_Provided data:_
━━━━━━

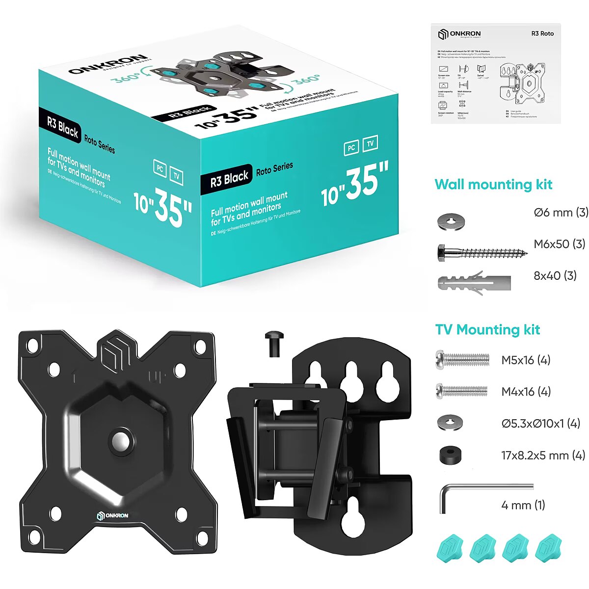 Vendor Homepage - onkron-uk.co.uk/products/onkron-swivel-tilt-rotate-tv-wall-mount-for-10-32-inch-flat-curved-led-tvs-wall-mount-screens-up-to-20-kg-min-75x75-max-vesa-100x100-wall-mount-r3-b-black?_pos=1&_sid=56bdac723&_ss=r
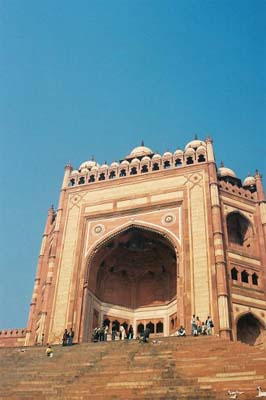 アグラから南西39キロにファイティプールシクリーはある。世継ぎに恵まれないムガール皇帝アクバルが、この地(現=ファイティプールシクリー)の預言者に従い、男子を授かったことを記念して、遷都した。ファイティプールシクリーとは、「勝利の都」という意味。アクバルはイスラムにとどまらず、インドの諸宗教の融和を図った。だから、この時代(16世紀)、インドの古代的建築様式とイスラム様式の融合が進んだ。(12/30/03) |
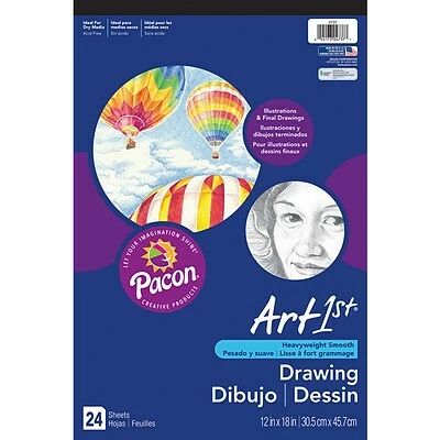Pacon® Art1st® Drawing paper pad measures 12″ x 18″ and is ideal for illustrations or final drawings. Pad includes 24 white colored 117 GSM sheets and is recyclable.

━━━━━━

_Your instructions:_ Give an exact copy of the listing above that leaves out every picture.

_Reply to the exercise:_
 Vendor Homepage - onkron-uk.co.uk/products/onkron-swivel-tilt-rotate-tv-wall-mount-for-10-32-inch-flat-curved-led-tvs-wall-mount-screens-up-to-20-kg-min-75x75-max-vesa-100x100-wall-mount-r3-b-black?_pos=1&_sid=56bdac723&_ss=r
 アグラから南西39キロにファイティプールシクリーはある。世継ぎに恵まれないムガール皇帝アクバルが、この地(現=ファイティプールシクリー)の預言者に従い、男子を授かったことを記念して、遷都した。ファイティプールシクリーとは、「勝利の都」という意味。アクバルはイスラムにとどまらず、インドの諸宗教の融和を図った。だから、この時代(16世紀)、インドの古代的建築様式とイスラム様式の融合が進んだ。(12/30/03) |
Pacon® Art1st® Drawing paper pad measures 12″ x 18″ and is ideal for illustrations or final drawings. Pad includes 24 white colored 117 GSM sheets and is recyclable.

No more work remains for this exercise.